The album’s momentum keeps flowing with the Tay F 3rd and David Blake II (Quik’s son)-assisted track, “Back That Shit Up.” Over hard bass and synths, Quik doesn’t sway from the theme of bitches, money, sipping, and smoking formula that has worked for him throughout his career. In other parts, he recruits Bishop Lamont and his son again for the lyrical banger “Trapped On The Tracks. ” This song commands attention with its train sounding and bass heavy beat. Plus, the OG has no problem going toe-to-toe with hip-hop’s young breed, Bishop Lamont. However, Quik’s successor, Blake II, has trouble holding his own next to the more experienced MCs. The first quarter of the album concludes with “EL’s Interlude 2,” featuring DeBarge.
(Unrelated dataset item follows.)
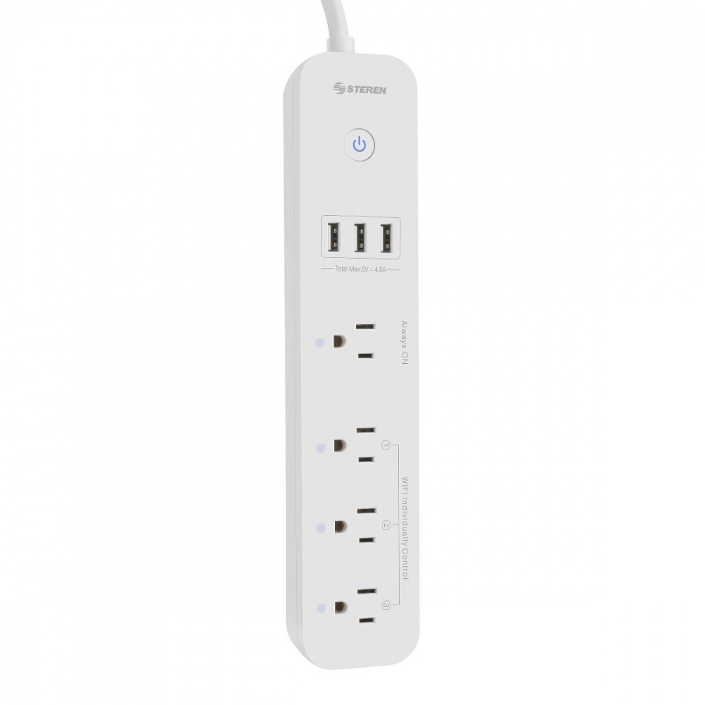 Barra steren multicontacto wi-fi de 4 salidas horizontales y triple cargador usb color blanco

With the exception of “Puffin' The Dragon,” where Quik reflects on his love of music and his impact on hip-hop, the middle half of the album lacks the lyrical wordplay that's packed into the album's beginning. The next couple of tracks—“Pet Semetary,” and “Life Jacket,” featuring fellow Cali MCs Suga Free and Dom Kennedy—finds Quik rapping about the everyday life in the Sunshine State, which isn’t nearly the same as his loked out days.

“That Getter” finds him talking about how his grind got him out of the Tree Top Piru street gang. The Mack 10-assisted “The Conduct,” which uses the Roger Troutman-inspired Talk Box, and “Shine,” are mediocre and sloppy attempts at the all-too-familiar theme of stunting. At this moment of the album, it seems like Quik ran out fire while recording these songs.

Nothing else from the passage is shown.